I started out this trip using a number of hotel/hostel/pension/B&B/guesthouse booking sites. In the end I used Booking.com almost exclusively. I like their website experience, the selection of properties, the on-site reviews, the payment process (pay on arrival, not before hand) and that, most often, I could cancel for free almost up until the day of arriving. It was rare that I couldn’t find anything on there and had to use another, usually more local, site to find a place. I also liked that, as a registered user, I was privy to specials and ‘Genius’ deals that often meant we could stay in a property that would normally be out of budget. Score! Note: I tell you this because it’s honestly what I found was best. I’m not paid to say this nor do I get a commission if you use them. I just like them. A lot.

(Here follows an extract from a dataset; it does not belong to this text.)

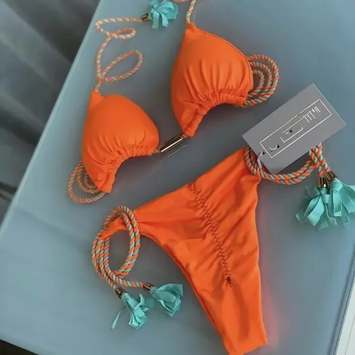 Be the first to review “2025 2025 New Women Ribbed Bed Swimsuit Sexy Swimwear Micro Thong Bandage Bathing Suits Halter Brazilian”
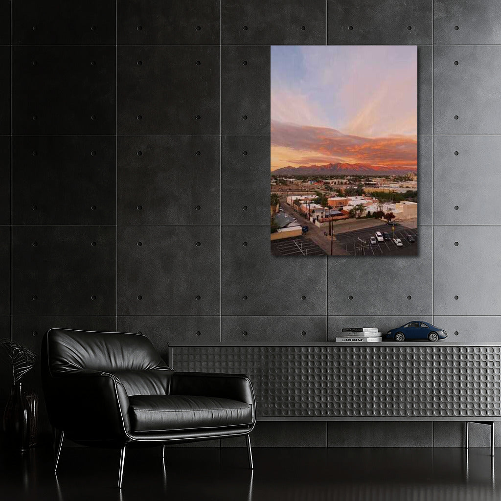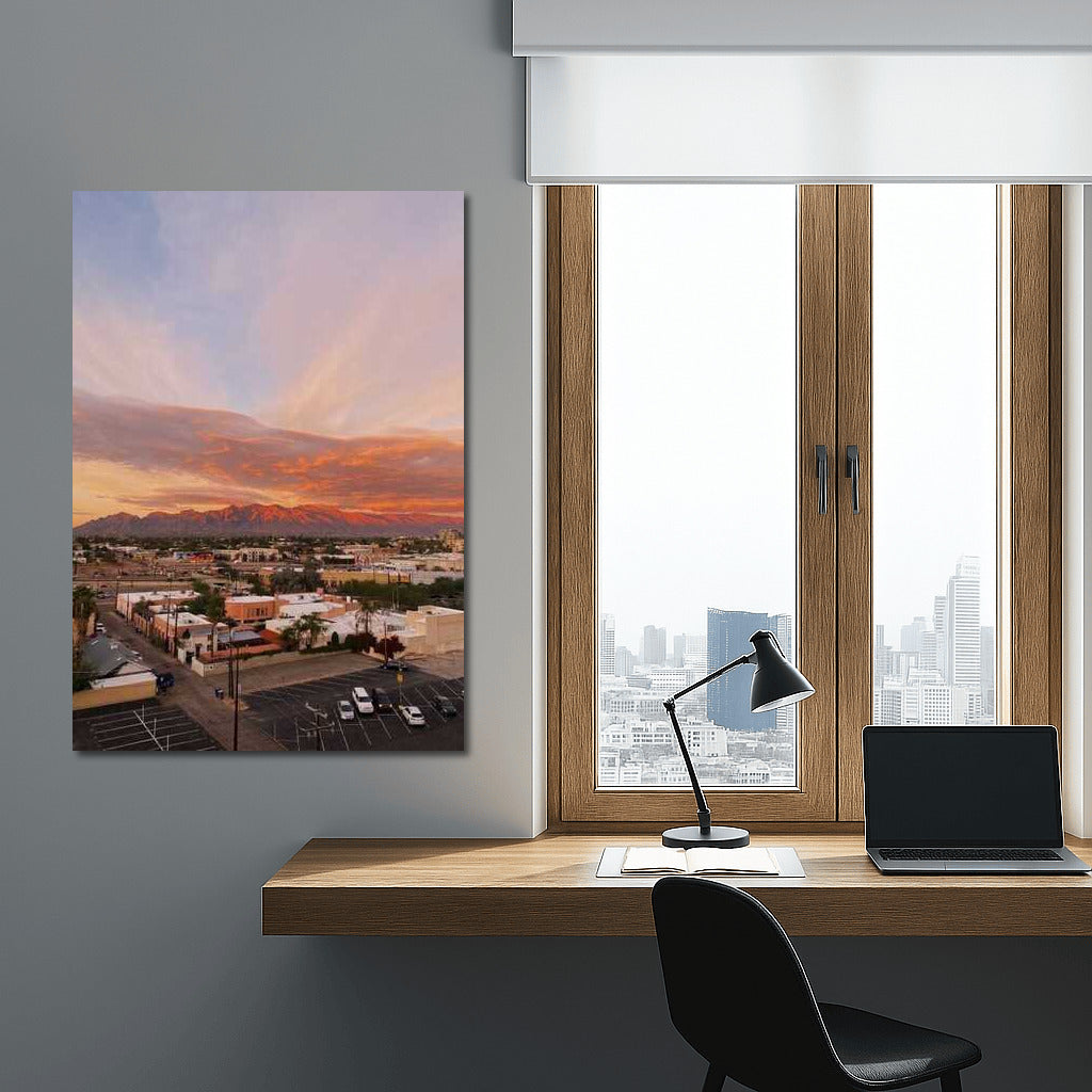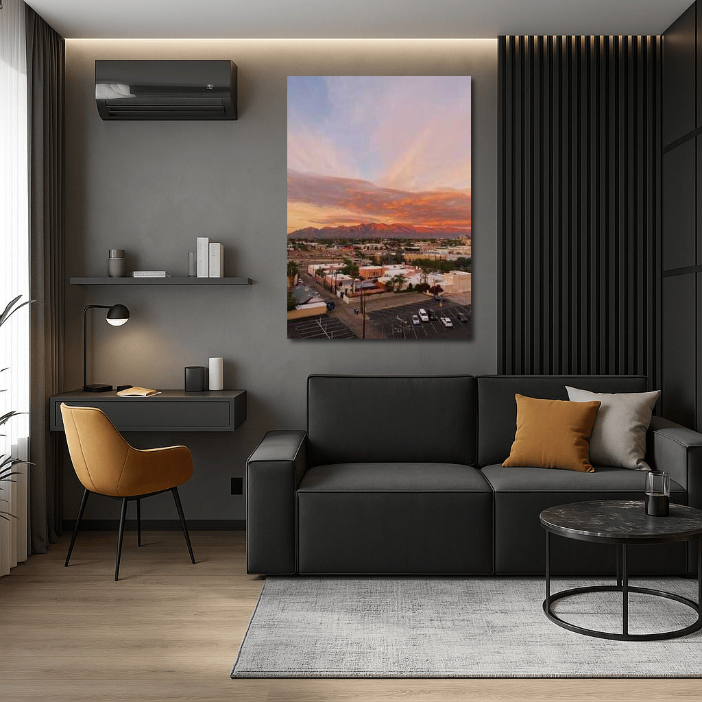 Experience the Arizona vibe with this poster: sunset over the city and mountains creates unique wall art. See more from the collection: Country Art

For longer term stays I used AirBnB.com to find apartments. They seem to have the best selection, are well used so have lots of reviews, and their website is easy to use. What I HATE about them is the booking fee. For longer term stays the booking fee adds a few cents to each night but for shorter stays it sometimes pushed a place to the edge of our budget. Not cool. HomeAway.com is a good alternative with no booking fees, but their selection is not as good. Shameless Plug: I wrote all about finding the perfect apartment in my book How to Find the Perfect Vacation Rental. Check it out.
All-in-all it wasn’t that hard. Yes, it was a lot of work and took up a lot of time but it wasn’t that hard to figure it all out. It would be even easier if you decided to stick to one, or two, of the main velo routes. They are well marked, pass through some beautiful countryside, and have great cycling infrastructure alongside.